> SUPPLIED RECORDS
══════════════════════════════
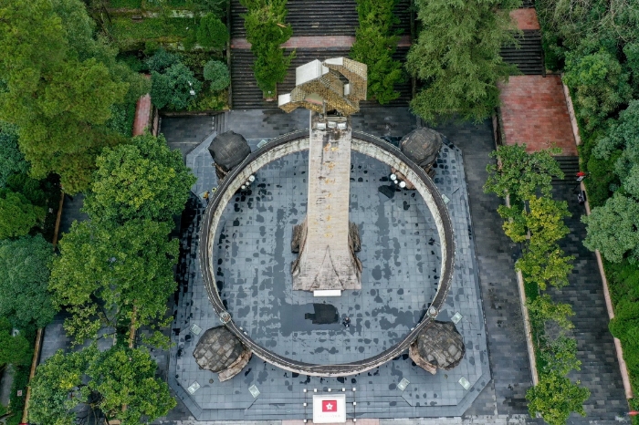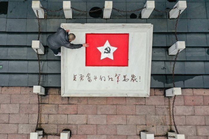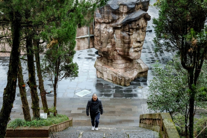 1月25日,楊愛民在遵義紅軍烈士陵園內(nèi)清潔雕塑(無人機照片)。新華社記者 歐東衢 攝
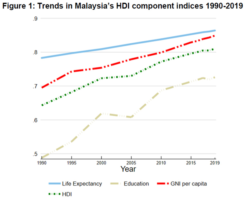 Antara tahun 1990 hingga 2019, nilai HDI Malaysia meningkat sebanyak 26 peratus iaitu daripada 0.64 kepada 0.81.
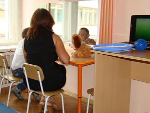 Логопед: Артём, сегодня мы с тобой поупражняемся в произнесении звука [Р]. Для этого мы отправимся в гости. А у кого мы побываем, ты узнаешь, если сдуешь песок с картинки. (Педагог и ребёнок проходят за стол. Перед ребёнком находится песочница. В песке зарыта картинка с изображением собаки.)
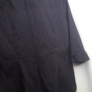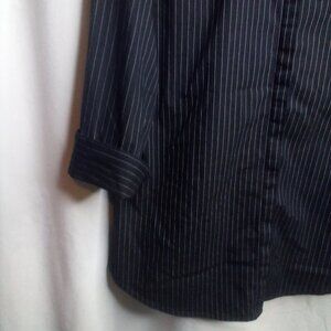 Worthington Blouse Shirt Women L Button Up 3/4 Sleeve Stripe Black White
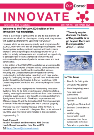 The Dorset Innovation Hub newsletters are published four times per year. They are designed to be of interest to everyone working in health and social care within Dorset, and an accessible way of finding out about the latest news on innovation across Dorset and the help that is available to innovators. If you would like to join our mailing list to receive these newsletters, please email dorsetinnovationhub@nhsdorset.nhs.uk.
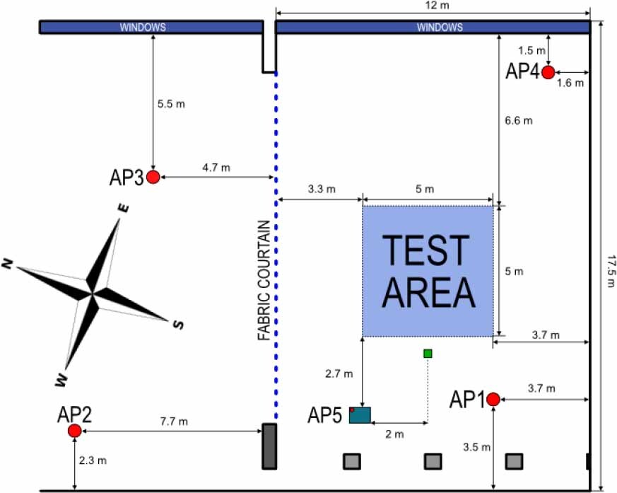 The experiment was conducted in the sports hall of the Bialystok University of Technology. Access points (APs) were randomly placed within the hall as shown in Figure 2. A total of seven access points were set up, two of which were located in the NLOS area. Four access points in the LOS zone were placed at a height of 2.5 m, one at height of the 0.7 m (on the table). Access points installed in the building were also used.
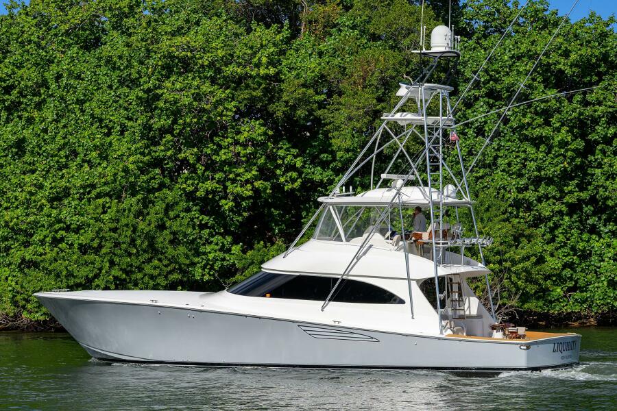 The 2015 62' Viking Convertible "Liquidity" has been maintained with an open checkbook since new, with all engine work expertly handled by Smith and Wick Marine. Her upgraded CAT C32A 1,925 hp engines have received continuous, proactive service, including the comprehensive 1,000-hour service intervals as required. Built for elite performance and stability, she features a Kingston Gray painted hull, full teak package, Seakeeper 26, and Omni sonar. The vessel is fully optimized for long-range travel and fishing with twin generators, extra fuel, an Eskimo ice machine, and a watermaker. Her professional-grade outfitting is completed by AME electronics and a custom Palm Beach Towers tuna tower.
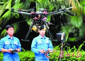 广州供电局用喷火式无人机来清除悬挂物。
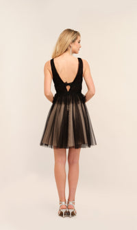 From Dave and Johnny, this stylish short black tulle homecoming dress is first class. With a nude lining, this exciting short black designer dress has black tulle from the deep v-neckline to the hem for a touch of intrigue that guides the eyes at homecoming, wedding receptions, and other semi-formal events. In misses and some plus sizes, this short black party dress has beaded designs that wrap around the empire-waist, while a peplum-topped short a-line skirt completes the design. The epitome of modern glamour, this short black homecoming dress is sure to steal the show.
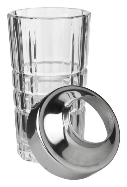 un récipient en verre et une fermeture en métal. Le récipient en verre est en fait un verre à boire et peut également être utilisé comme tel. La coupe centrale du verre lui confère un aspect unique et une bonne prise en main. Le verre est massif, son fond est arrondi vers l'intérieur et il est donc stable sur la table. Grâce au bouchon facile à fixer, ce récipient attrayant se transforme en distributeur de snacks et offre ainsi une protection contre les germes qui peuvent s'accumuler dans les bols à snacks dans lesquels on doit mettre la main. Le bouchon a une ouverture de 4,0 cm de diamètre, ce qui évite de laisser des snacks derrière soi.
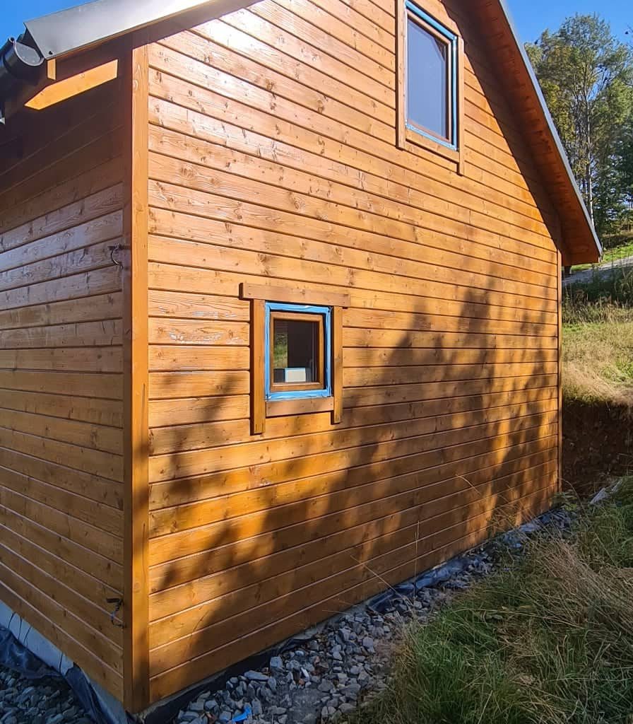 Dodatkowe informacje: Ocieplenie - Wełna mineralna, okucia rynnowe, prąd, wykończenie wewnętrzne - boazeria, lakierowanie zewnętrzne = impregnat hybrydowy - Lakierobejca Sadolin
══════════════════════════════
Would you output the lines above from the line holding "Worthington Blouse Shirt" up to and including the line holding "The experiment was", exactly and only those, with no pictures?

 Worthington Blouse Shirt Women L Button Up 3/4 Sleeve Stripe Black White
 The Dorset Innovation Hub newsletters are published four times per year. They are designed to be of interest to everyone working in health and social care within Dorset, and an accessible way of finding out about the latest news on innovation across Dorset and the help that is available to innovators. If you would like to join our mailing list to receive these newsletters, please email dorsetinnovationhub@nhsdorset.nhs.uk.
 The experiment was conducted in the sports hall of the Bialystok University of Technology. Access points (APs) were randomly placed within the hall as shown in Figure 2. A total of seven access points were set up, two of which were located in the NLOS area. Four access points in the LOS zone were placed at a height of 2.5 m, one at height of the 0.7 m (on the table). Access points installed in the building were also used.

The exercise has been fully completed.